L’instauration du RGPD dans toute l’Union européenne au cours du mois de mai 2018 a demandé aux entreprises de se mettre en conformité. Chaque organisation se tient responsable des dispositifs mis en place de la collecte des données personnelles d’individus jusqu’à leurs utilisations. Parmi les documents qui doivent être tenus pour le respect du Règlement Général sur la Protection des Données, le registre des activités de traitements fait partie des démarches indispensables.
Objectifs du registre de traitement
Le registre de traitement permet de responsabilité les organisations. Auparavant, il était demandé de réaliser des déclarations auprès de la CNIL pour la collecte, l’archivage et le traitement des données personnelles. Dorénavant, le RGPD basé sur la notion de “accountability” a annulé cette procédure qui est remplacée par la tenue du registre de traitement.
Ce dernier permet de consulter les données utilisées et pour quel usage.
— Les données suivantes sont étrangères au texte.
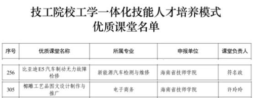 近日,人力资源社会保障部办公厅发布了《关于公布技工院校工学一体化技能人才培养模式优质课堂名单的通知》,经各技工院校申报、省级遴选、部级统筹等多轮评审,全国共评选出369个优质课堂。其中,我院车辆工程系新能源汽车检测与维修专业教师符名政主讲的《比亚迪E5汽车制动无力故障检修》和计算机应用系电子商务专业教师许玲玲主讲的《椰雕工艺品图文设计制作与推广》等2门课程成功入选。
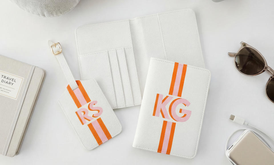 Introducing our Customizable Travel Gift Set, the ultimate way to elevate your wanderlust adventures with a touch of personalized luxury. Gift set can include a stylish luggage tag, a sleek passport holder, a compact card wallet, an elegant clutch, all thoughtfully designed to make your journeys both functional and fashionable. Add the personalized gift box and we will lovingly nestle all your treasures in a beautifully adorned see through gift box making it a truly memorable and thoughtful gift.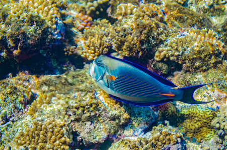Coral and fish in the Red Sea. In front is Red Sea surgeonfish, in background deep blue sea with other coral fish. Safaga, Egypt.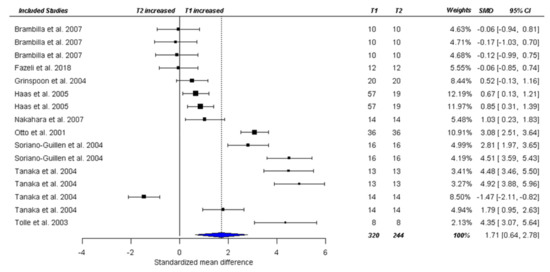 Mean duration between baseline and follow-up was 94.62 days (for details see data extraction table: Supplementary Materials, Table S7). Four studies [28,29,48,58] reported multiple follow-ups. The nine studies provided 16 follow-up time points, which included a total of 200 patients at baseline and 162 at follow-up in the analysis (providing n = 320 T1 and n = 244 T2 data points). Between baseline and follow-up, total ghrelin decreased significantly (positive SMD values indicate a decrease in total ghrelin to the follow-up time point), SMDtotal=1.71, CI [0.45, 2.97], p = 0.014), see Figure 5. Heterogeneity of the pooled effect size was high (Ƭ2 = 2.70, I2 = 94.83%), and sensitivity analyses showed robustness of Ƭ2 in dependence of rho (Supplementary Materials, Table S8D). The results from a subsample of six studies providing 11 effect sizes (due to missing data) showed no association between moderators (age, BMI at baseline, BMI delta, duration to follow-up) and effect size (Table 2). A second meta-regression looking at assay type and quality of evidence, showed a significant effect for quality of evidence on effect sizes (SMD = −1.11, CI [−1.73–0.49], p = 0.001, in the quality only model. Results indicate that effect sizes between baseline and follow-up got larger (stronger decrease in ghrelin at T2) with reduced quality of study. Quality of study was no longer significant in the combined model (see Supplementary Materials, Table S9D).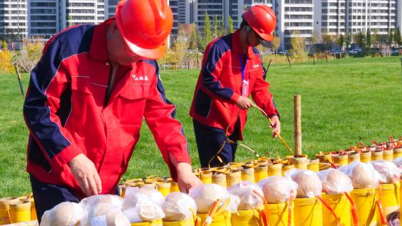 (图7 专业技术人员在安装不同花型的礼花)

C’est un journal où sont identifiées les finalités des informations personnelles enregistrées. Il permet de contrôler la conformité au RGPD des différentes solutions mises en place pour le respect de la vie privée et la sécurisation des données.
Êtes-vous concerné par la tenue du registre des traitements ?
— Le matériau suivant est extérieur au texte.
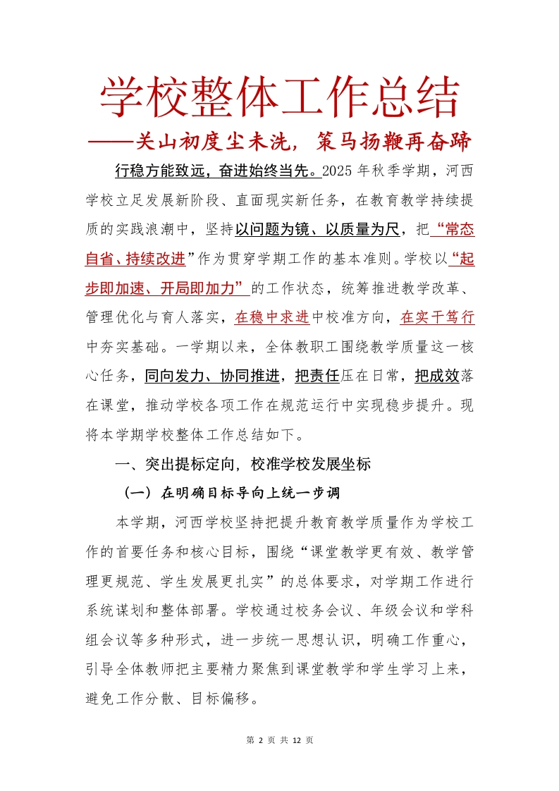 2025-2026学年第一学期学校整体工作总结——关山初度尘未洗,策马扬鞭再奋蹄晨晨老师7天前发布关注私信0.30MB12页0255 以下为资料部分截图预览,下载后为超高清原文件。 第1页 / 共12页 第2页 / 共12页 试读已结束,还剩10页,您可下载完整版后进行离线阅读 加入VIP,享海量教务资料,无限制免费下载所有材料 2025-2026学年第一学期学校整体工作总结——关山初度尘未洗,策马扬鞭再奋蹄此内容为付费资源,请付费后查看¥9.9¥15.9VIP会员免费代理(享70%分佣)免费立即购买您当前未登录!建议登陆后购买,可保存购买订单付费资源© 版权声明文章版权归作者所有,未经允许请勿转载。THE END综合资料 文本预览 2025-2026学年第一学期学校整体工作总结关山初度尘未洗,策马扬鞭再奋蹄目录一、突出提标定向,校准学校发展坐标.。.2(一)在明确目标导向上统一步调…2(二)在聚焦重点任务上精准发力.….3(三)在完善统筹机制上形成合力…二、持续强基提质,夯实教学质量根本4(一)在深耕课堂改革上求实效..4(二)在抓牢教学常规上下真功.….5(三)在强化质量分析上见变化….5三、系统优化赋能,激活教师发展引擎6(一)在健全培养体系上强支撑...6(二)在深化教研协同上提效能.7(三)在发挥骨干引领上扩影响….7四、协同推进育人,拓展学生成长路径.…8(一)在深化德育融合上增厚度.….8(二)在促进全面发展上拓空间8(三)在关注差异成长上补短板..9五、全面固本托底,提升学校运行保障.10(一)在守牢安全底线上不松劲….10(二)在优化服务保障上提质效10(三)在凝聚家校共识上强协同….112025-2026学年第一学期第1页共12页 查看更多 收起部分 喜欢就支持一下吧点赞5 分享QQ空间微博QQ好友海报分享复制链接收藏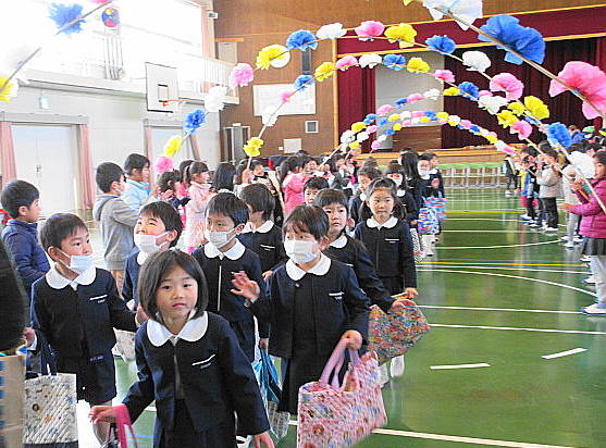 最後は、小学生がお花でアーチを作ってくれました。アーチをくぐってさようならー!!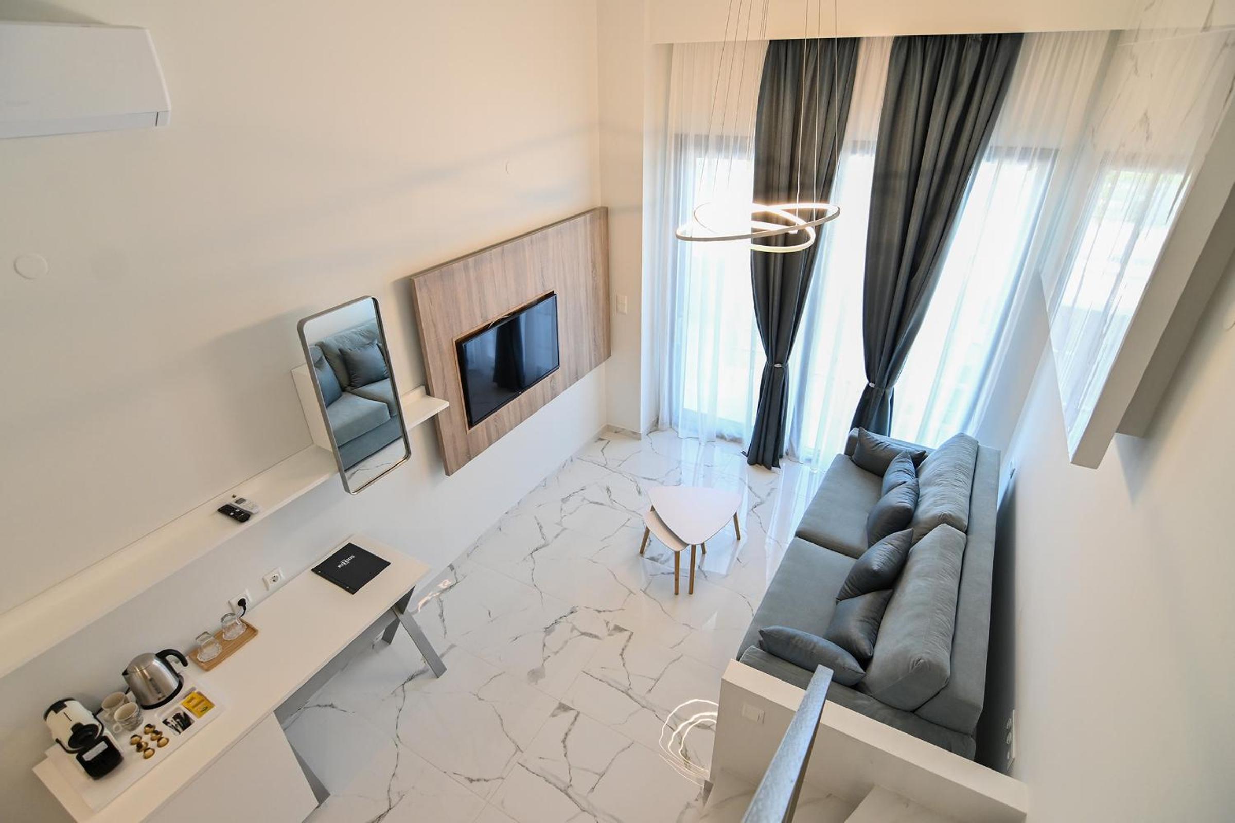 Amenities Galore: Relax by the pool, sip cocktails at the beach bar, and savor delicious meals at the restaurant overlooking the Aegean Sea.

Une même organisation, entreprise privée ou institution publique, peut être à la fois responsable de traitement et le sous-traitant. En effet, selon son activité, elle est à la fois responsable des données personnelles collectées au sujet de ses salariés, et celles relatives aux clients.
Ainsi, un prestataire de téléphonie par IP est à la fois responsable du traitement des informations relatives à son personnel. Mais en tant que sous-traitant pour d’autres entreprises qui achètent la solution de voip, ils doivent respecter les obligations légales qui concernent les sous-traitants de responsable de traitement.
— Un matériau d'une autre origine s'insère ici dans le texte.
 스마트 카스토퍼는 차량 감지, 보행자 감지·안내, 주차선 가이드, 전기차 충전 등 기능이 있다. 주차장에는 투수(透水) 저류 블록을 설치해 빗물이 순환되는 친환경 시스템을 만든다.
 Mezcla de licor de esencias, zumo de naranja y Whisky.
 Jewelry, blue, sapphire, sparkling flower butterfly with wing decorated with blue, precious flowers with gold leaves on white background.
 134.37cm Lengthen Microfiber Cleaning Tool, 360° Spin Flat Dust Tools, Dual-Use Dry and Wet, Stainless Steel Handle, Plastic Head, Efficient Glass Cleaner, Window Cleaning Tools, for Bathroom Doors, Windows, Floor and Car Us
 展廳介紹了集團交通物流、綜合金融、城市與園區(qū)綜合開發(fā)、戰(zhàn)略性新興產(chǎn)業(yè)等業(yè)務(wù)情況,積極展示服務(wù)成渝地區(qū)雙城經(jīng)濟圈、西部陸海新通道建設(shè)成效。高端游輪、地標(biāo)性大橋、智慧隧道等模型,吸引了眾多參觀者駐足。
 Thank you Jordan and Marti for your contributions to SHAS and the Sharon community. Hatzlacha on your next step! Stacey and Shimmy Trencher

Le registre de traitement est énoncé par le RGPD comme étant facultatif pour les entreprises dont l’effectif est ingénieur à 250 salariés. Cependant, cette consigne est à prendre avec du recul, car la lecture de l’ensemble des textes juridiques permet de se rendre compte que c’est une exception peu souvent applicable. En ce sens, il est conseillé de tenir dans tous les cas un registre des activités de traitement.
Bien entendu, les contrôles réalisés dans le cadre du RGPD par la CNIL impliquent la tenue à jour des registres au cours de l’activité de l’entreprise.
Mettre en place le registre des activités de traitements
La tenue du registre des activités de traitements fait partie des missions du DPO (Data Protection Officer), ou Délégué à la Protection des Données. Ce dernier a pour fonction de s’assurer de la conformité de son organisation pour la protection des données. Interlocuteur privilégié pour la CNIL, son travail de sensibilisation et de suivi des procédures permet entre autres la mise en place du registre des traitements.
Les mentions obligatoires du registre de traitement
Parmi les informations qu’il faut à tout prix faire figurer dans le registre de traitements, vous devez mentionner :
- le nom et les coordonnées du responsable de traitement, et du sous-traitant
- la finalité du traitement
- les individus concernés
- les catégories concernées par les individus
- les destinataires des données, s’il y a un transfert vers un autre pays ou une organisation internationale
- le délai de conservation et l’échéance à laquelle il y aura un effacement
- les mesures techniques et opérationnelles pour assurer la sécurisation des données.
Les sous-traitants doivent également mentionner les catégories de traitement, mais ils sont exemptés de l’obligation de nommer les destinataires des données, leurs finalités, ainsi que les délais de conservation et d’effacement.
Dans tous les cas, ce sont des informations qui doivent être tenues à jour pour chaque traitement de données personnelles.
Le format du registre des traitements
En principe, le format du registre n’est pas soumis à une réglementation particulière. Tant que les mentions obligatoires sont présentes, alors le registre devrait respecter les exigences du RGPD. Cependant, la CNIL fournit aux organisations responsables de traitements un modèle qui peut être aisément repris. Selon les résultats de votre étude d’impact et les méthodologies que vous avez choisies pour structurer les données personnelles, le registre n’est pas forcément le même. En revanche, il est judicieux d’opter pour un format numérique qui permet alors une certaine souplesse également. Les mises à jour sont plus faciles à mettre en œuvre. Bien sûr, le registre doit lui-même être sécurisé pour ne pas risquer la fuite de données relatives à des individus.
La tenue du registre des traitements est préconisée pour tous les responsables de traitements et les sous-traitants. Mis à jour de façon régulière, il permet de clarifier l’usage fait des différentes informations personnelles collectées. C’est à la fois un journal et un outil de contrôle.